According to media reports, the two US airmen killed belonged to the military police of the US Air Force and were part of a unit generally stationed in the UK which was being moved either to Iraq or Afghanistan for deployment via Germany. It is not clear whether it was merely an opportunistic attack by the gunman on a group of US airmen boarding a bus at the airport without his being aware of the fact that they were bound for Iraq or Afghanistan or whether it was a targeted killing of US military personnel going to Iraq or Afghanistan.
Germany plays an active role in the NATO operations in Afghanistan and the conspiracies detected in the past were triggered off by anger over the role of Germany and the US in Afghanistan. The German authorities initially treated the incident as an act of anger following an altercation between the US airmen and the gunman as they were boarding the bus. They subsequently started looking into the possibility of its being an act of terrorism because of some evidence of the gunman allegedly visiting jihadi sites in the Internet.
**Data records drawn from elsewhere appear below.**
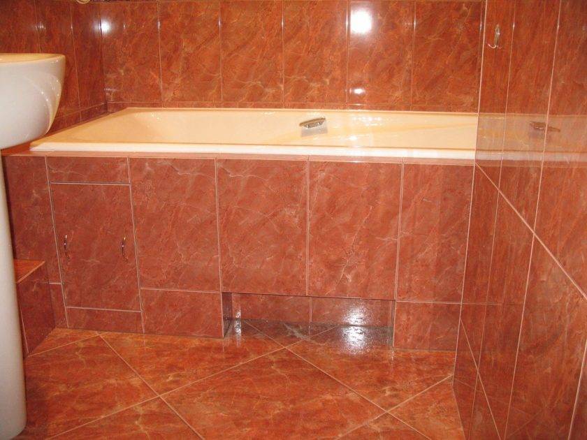 - строят экран под ванну из плитки с люком, открывающим доступ в пространство под ванной;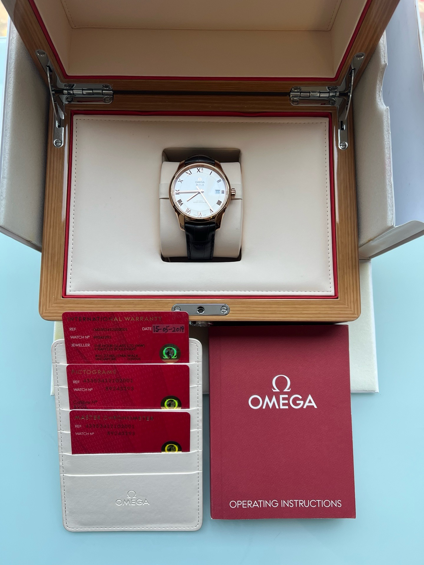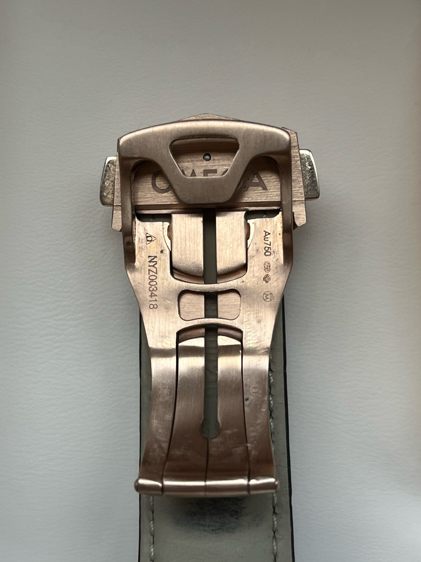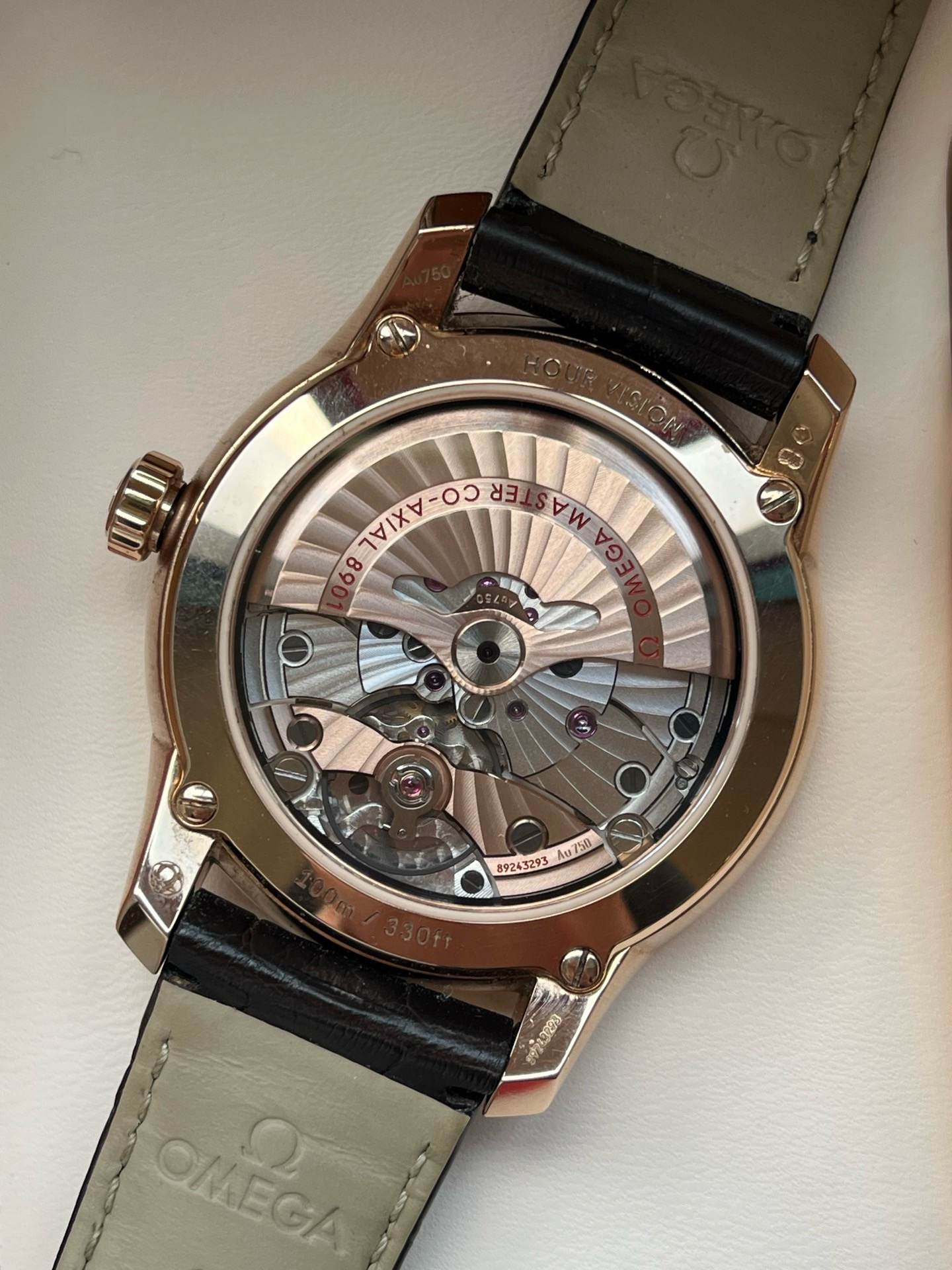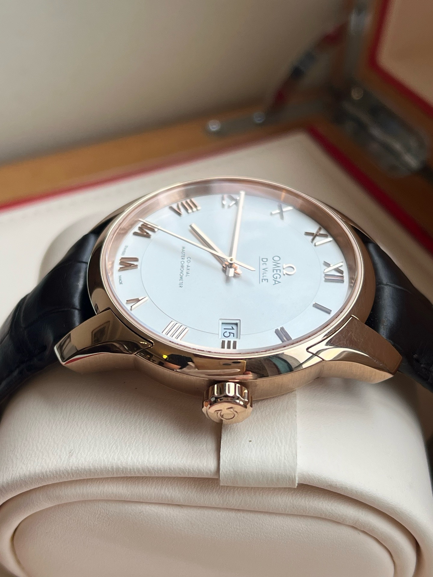 欧米茄碟飞系列433.53.41.21.02.001、男士自动机械腕表、表径:41mm、材质:皮带/18K玫瑰金、白色表盘、罗马数字刻度、日期显示、防磁功能、2019年全套附件、整表,新成色、原价:158500
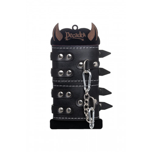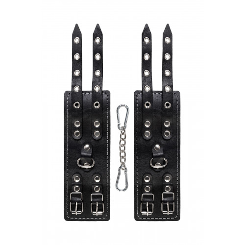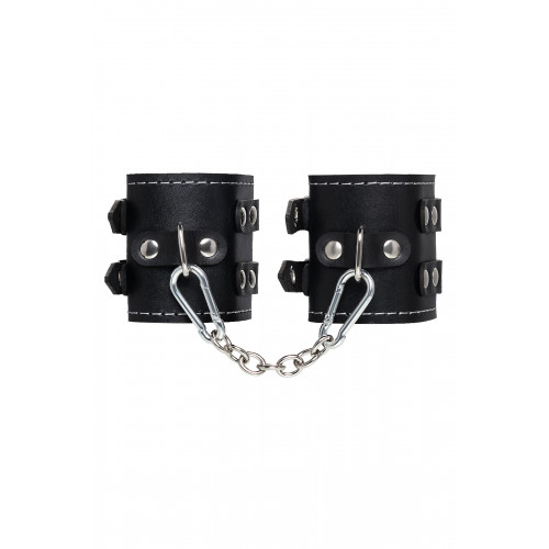 Наличие двух колец и карабинов, соединенных между собой металлической цепочкой, позволяет использовать изделие как раздельно – аксессуар-манжеты, так и как наручники для фиксации. К широким металлическим кольцам также можно присоединить и другие аксессуары при помощи карабинов.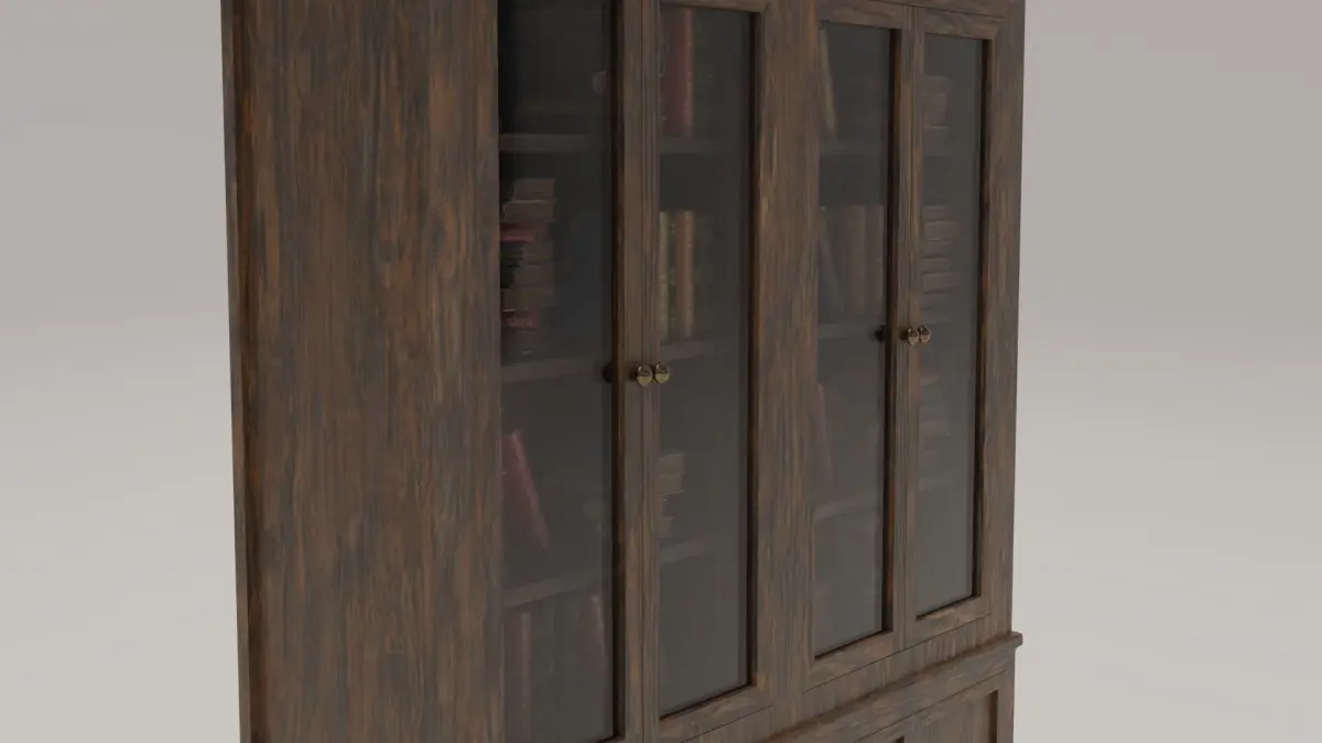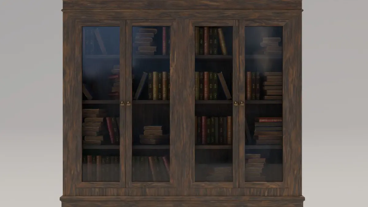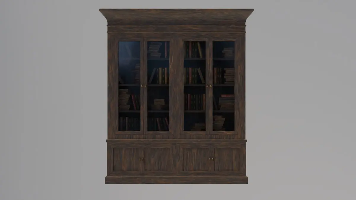 Glass door antique bookcase with books included modeled with Blender. 16,072 vertices includes bookcase and books. Textures included and everything is uv unwrapped.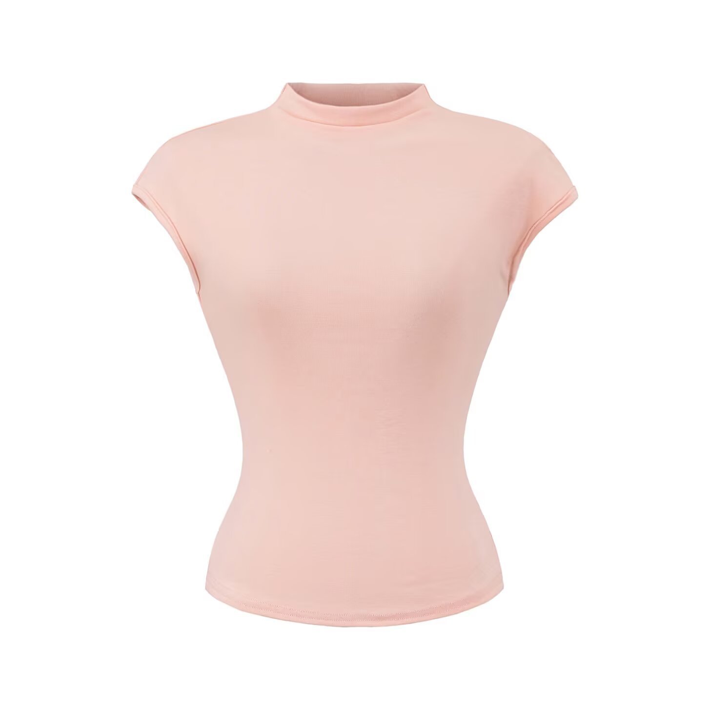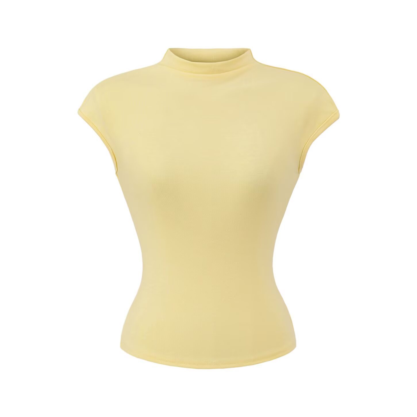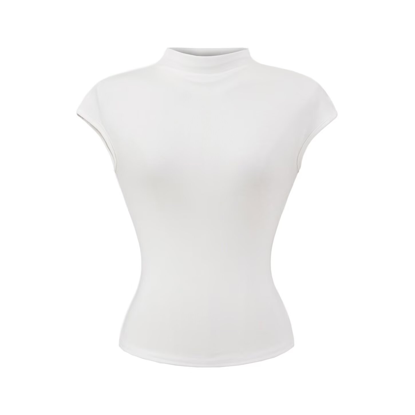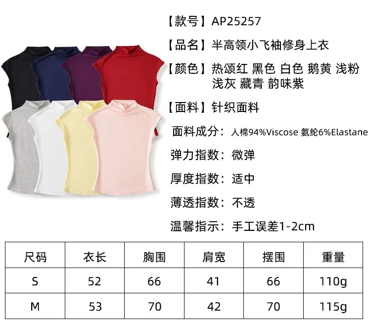 여성을위한 오른쪽 어깨 하프 터틀넥 반팔 티셔츠 2025 여름 새로운 슬림 섹시한 탄성 작은 플라잉 슬리브 탑 티셔츠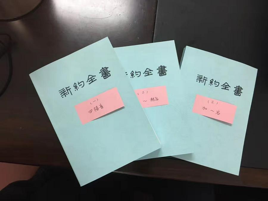 来自天津市各个教会的1189名基督徒参与了手抄圣经活动,目前《新约》已经抄写完并且装订成册。

The investigation seems to be presently confined to examining whether the attack could have been Afghanistan-related. There is no indication of any suspicion of its being Libya-related. The Libyan intelligence and terrorists linked to the Libyan intelligence had operated in Germany in the 1980s as indicated by an explosion in a West Berlin discotheque in 1985 that killed some US military personnel and the bombing of a Pan-Am aircraft originating from Frankfurt in 1988 ( the Lockerbie incident). The West Berlin incident led to the US bombing of Libya in 1986 and the Lockerbie incident to the arrest and trial of suspected Libyan intelligence officers and the payment of huge compensation by the Libyan Government to the relatives of the passengers and crew killed.
Since the 1990s, Libya had totally cut off its past links with terrorism----either of the Palestinian or Al Qaeda kind --- and had effectively kept Al Qaeda and its allied organizations out of its territory. It is very unlikely that at a time when the Gadaffi regime is facing mounting international pressure because of the uprising against it in Eastern Libya, it would add to the anger of the West by dabbling in terrorism once again.
Muslims of Kosovo origin had not come to notice in the past for association with Afghanistan or Iraq based organizations because of their dependence on the US for making themselves free from Serbia. The act of the lone gunman of Kosovo origin would require detailed investigation before satisfactory conclusions could be drawn. For the present, it could only be characterized as a possible terrorist incident of unknown inspiration.